Figure 1 is a professional diagram showing the control method of a conventional AC interconnection system, Figure #I2 is a specific circuit configuration diagram of the PLL circuit in Figure 1, and Figure 3 shows an embodiment of the present invention. Figures 1 and 4 are block diagrams showing other embodiments of the present invention. 1... DC power supply, 2... Self-excited power converter, 3.
...Transformer, 4...Switch, 5...Power system, 1...Output current, 12...Output voltage, 13...Power system voltage, 21...Voltage reference, 22 ... Reactive power standard, 21... Reactive power inspection circuit, 24... Error amplifier, 25... Changeover switch, j' 5 a + J
5 b... Deviation, 26... Voltage control circuit, 31...

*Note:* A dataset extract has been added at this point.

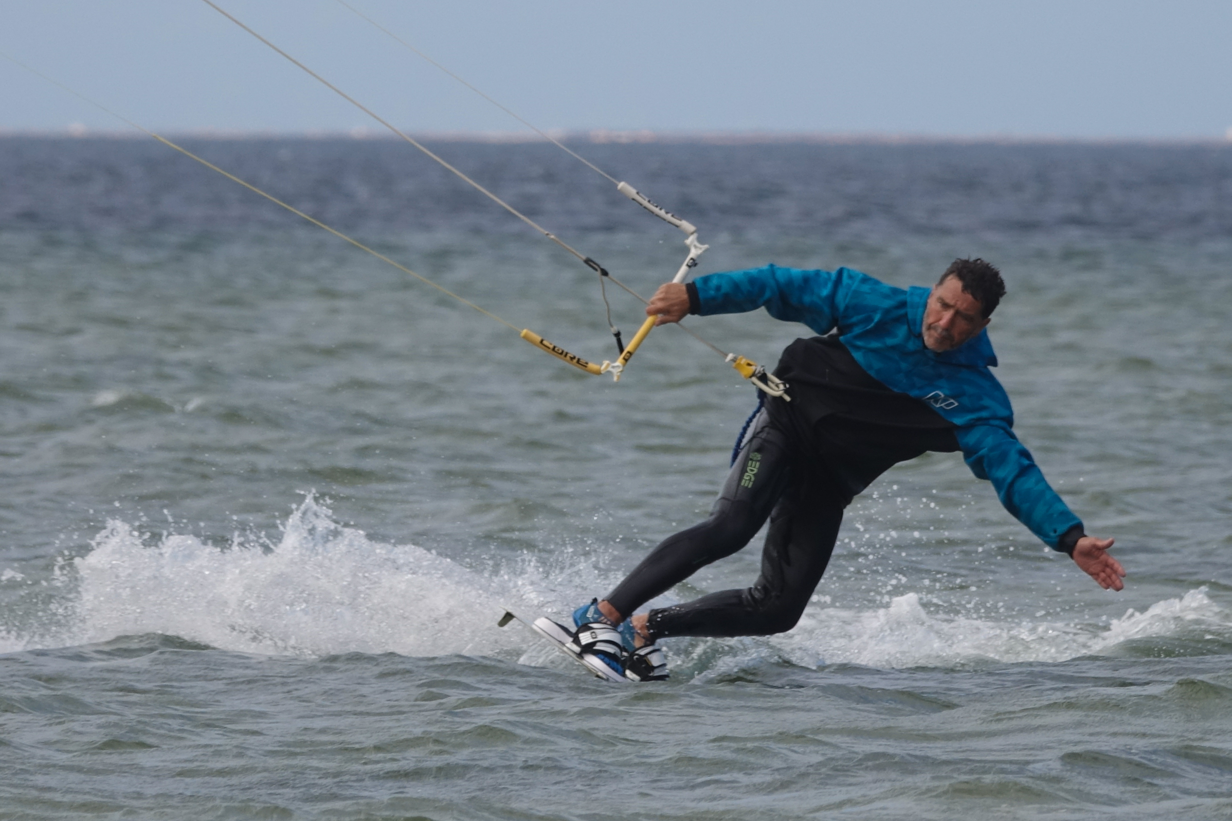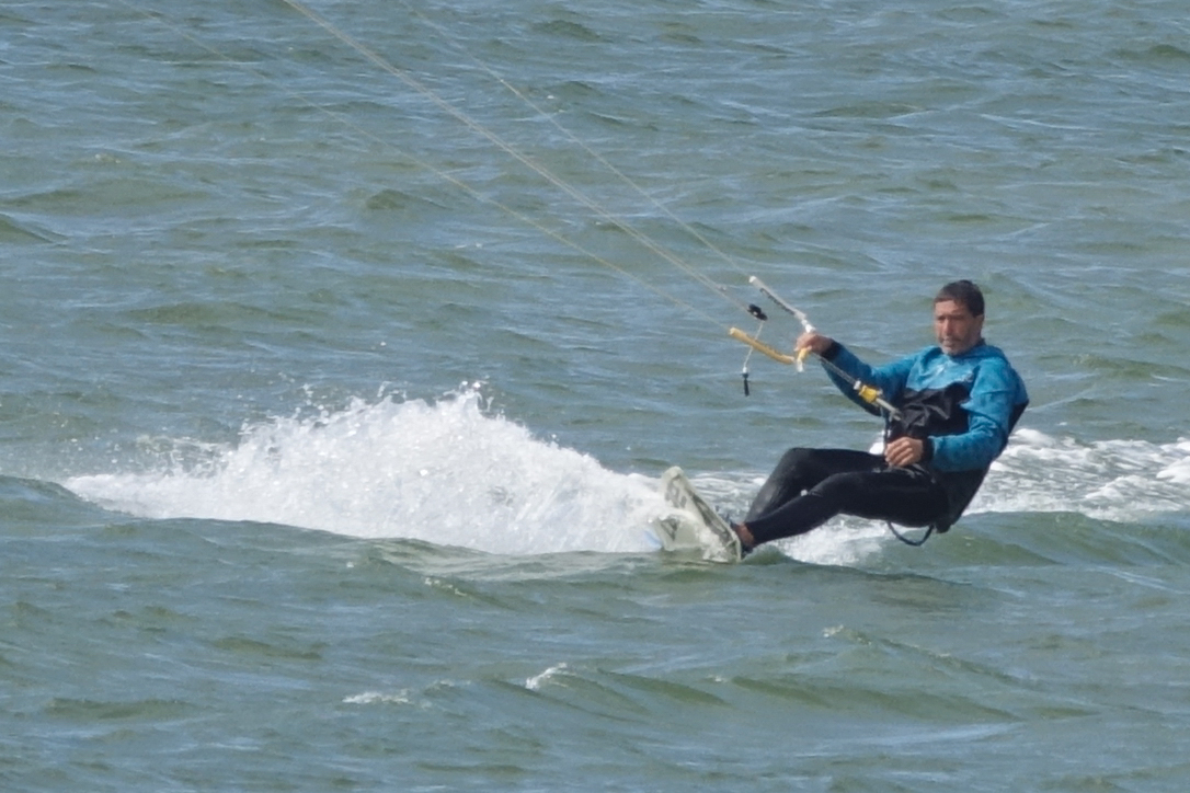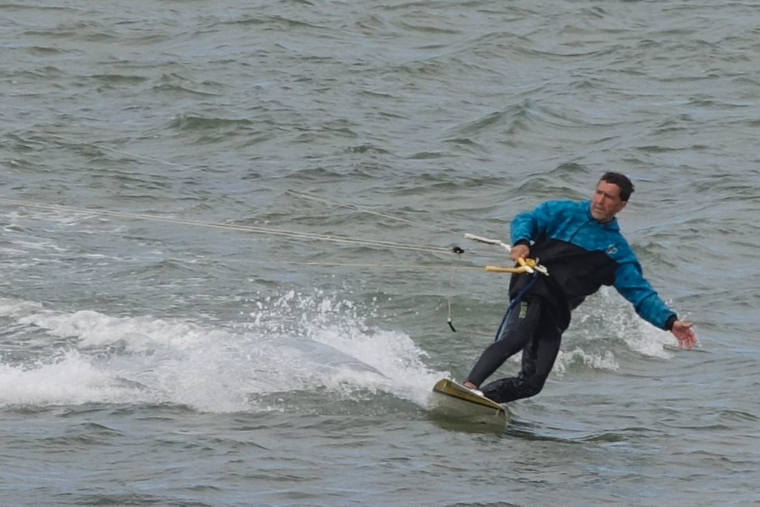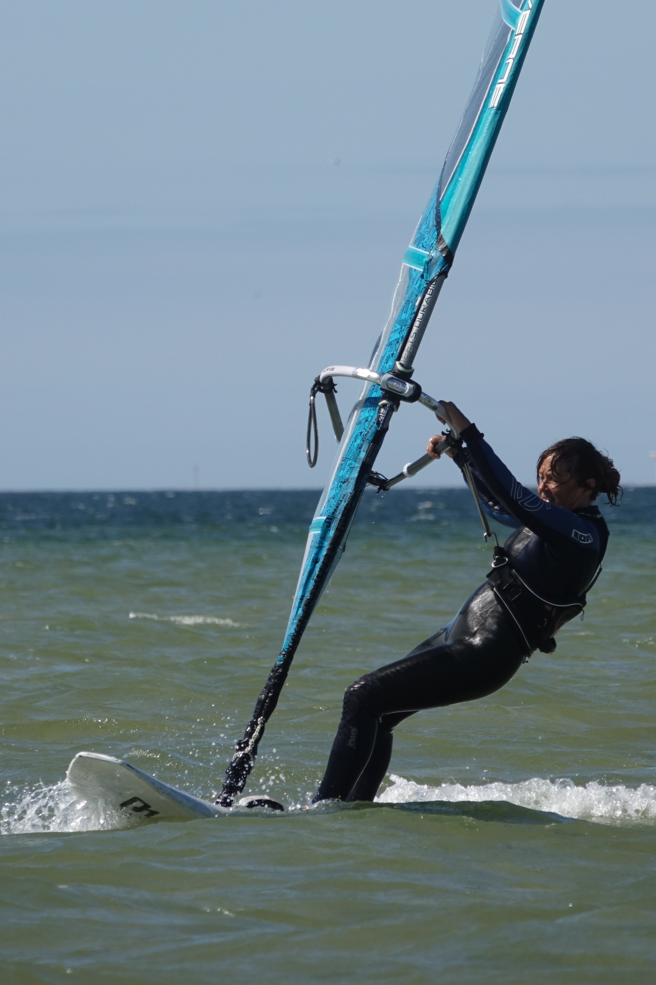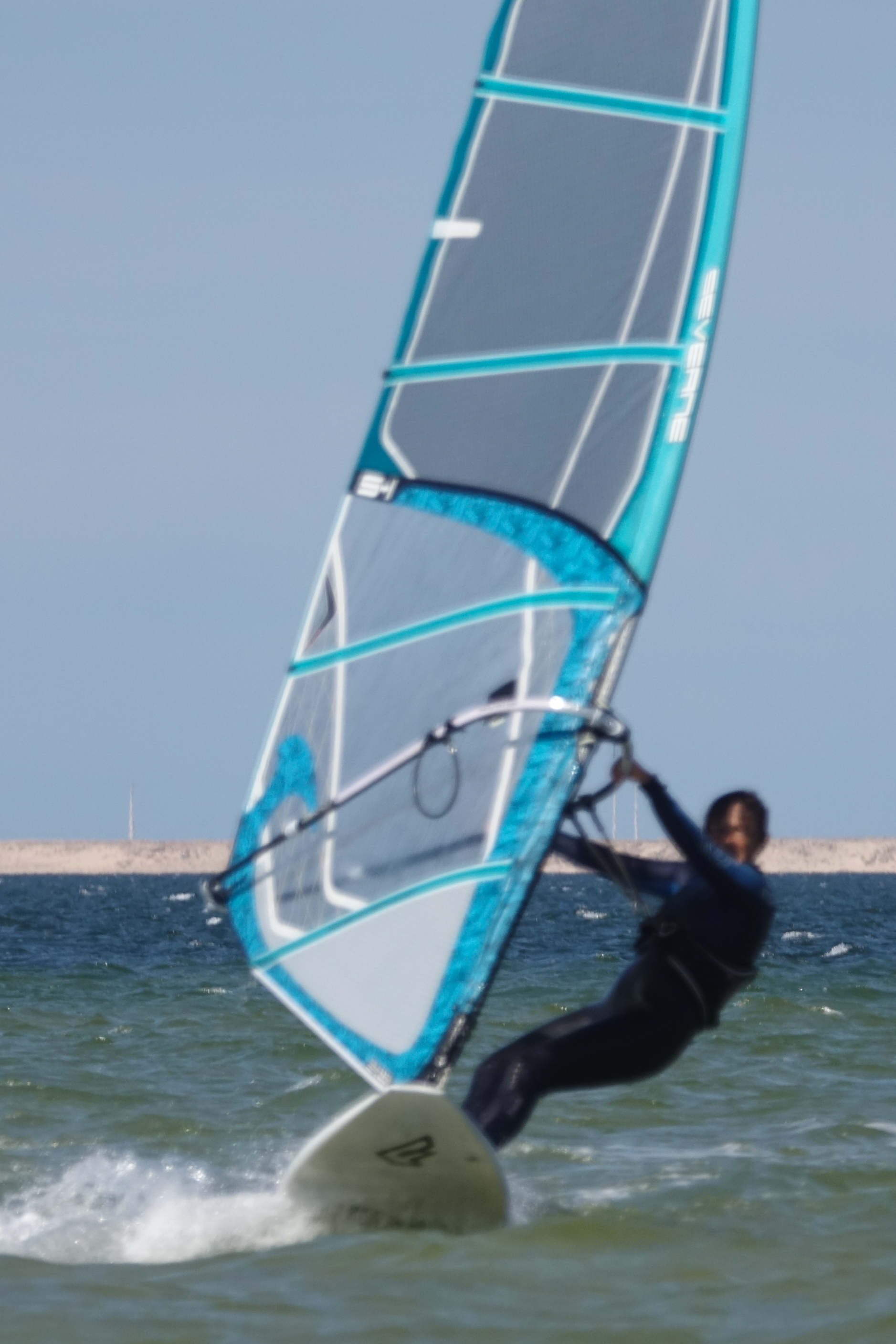 Erst gegen Abend kommt endlich das Wasser und Carmen kann mit ihrem 3,75er raus und auch Uwe kann noch ein paar Schläge fahren.

・Active power standard, JJII...deviation, 34...PL
L circuit, 35... Branch, 36... Switch, 41
... Level converter, 42 ... Control circuit, 4ja, 4
Jb...Output signal, 43...Bias circuit, 44.

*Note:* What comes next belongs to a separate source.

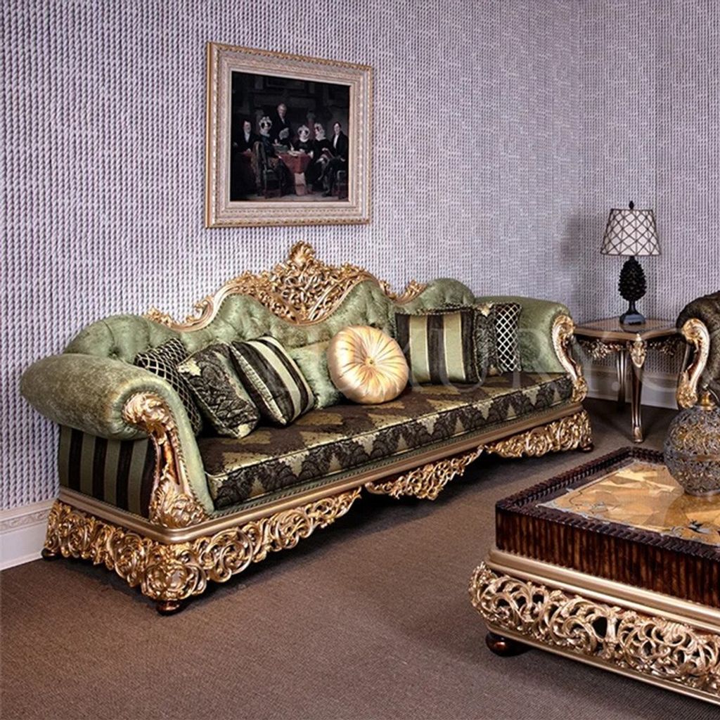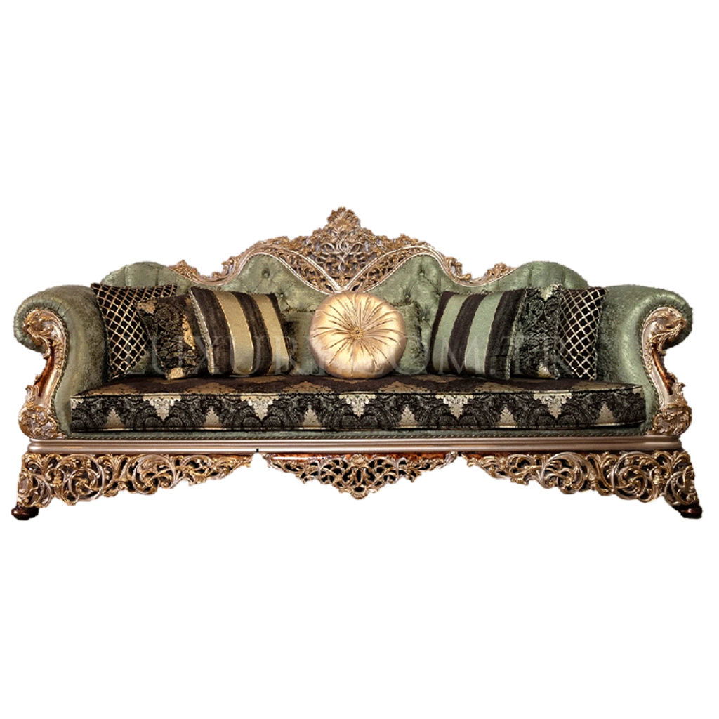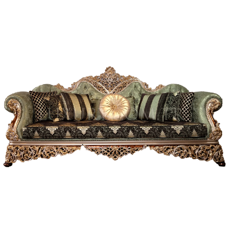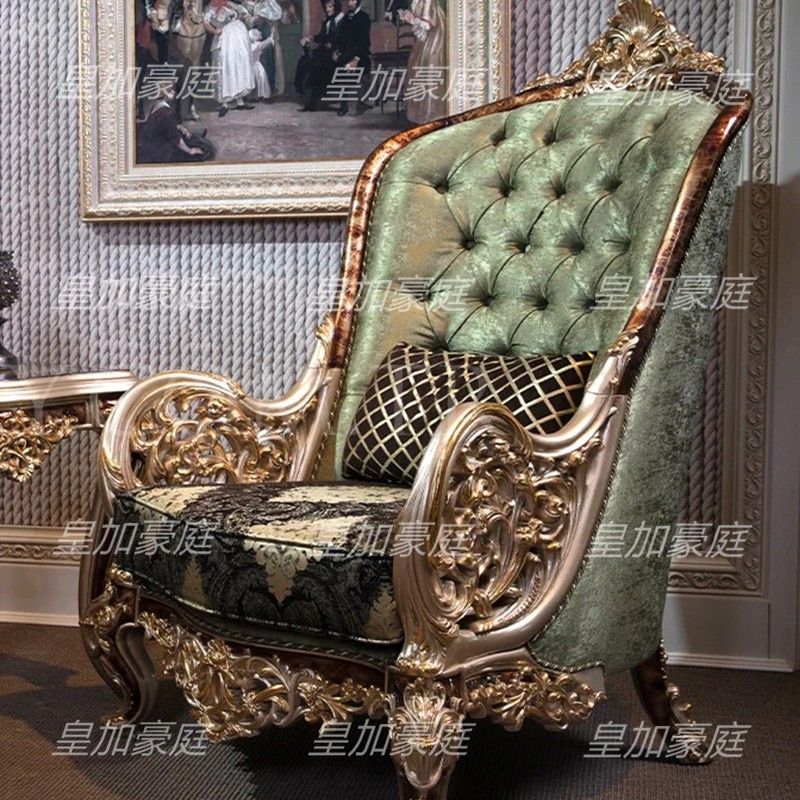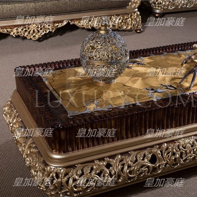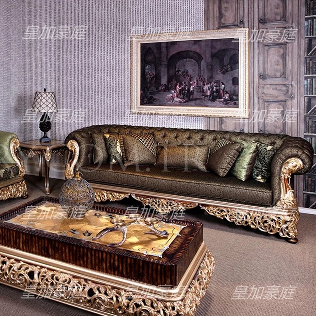 Luxury European Solid Wood Fabric Sofa French Royal Carving Gold Large Size Villa Living Room Furniture Custom

...Adder, 51...1 pressure reference, 52...1 difference amplifier, 53...switch.

Claims (2)

[Claims] (1) The AC output of a self-excited power converter that converts the output of a DC power source into AC is connected to another AC power source, and the automatic power converter converts the effective and reactive power from the AC power source. In the AC interconnection system to be controlled, when the DC power supply is opened or the voltage drops, active power control is switched to DC input constant voltage control, so that the system operates as a reactive power adjustment device even if the DC power supply is opened or the voltage drops. I want to continue this! #Control method for automatic power conversion equipment that generates mold. (2) When the AC output of a self-excited power converter that converts the output of a DC power source to alternating current is connected to another AC power source, the self-excited power converter converts the active and reactive power from the AC power source. In the AC interconnection system to be controlled, the active power control function is stopped due to an open circuit or voltage drop of the DC power supply, and an active power control signal is supplied from the AC power supply to compensate for the no-load loss of the self-excited power converter. A control system for an automatic power converter that allows operation to continue as a reactive power adjustment device even if the DC power supply is opened or the voltage drops t'17t.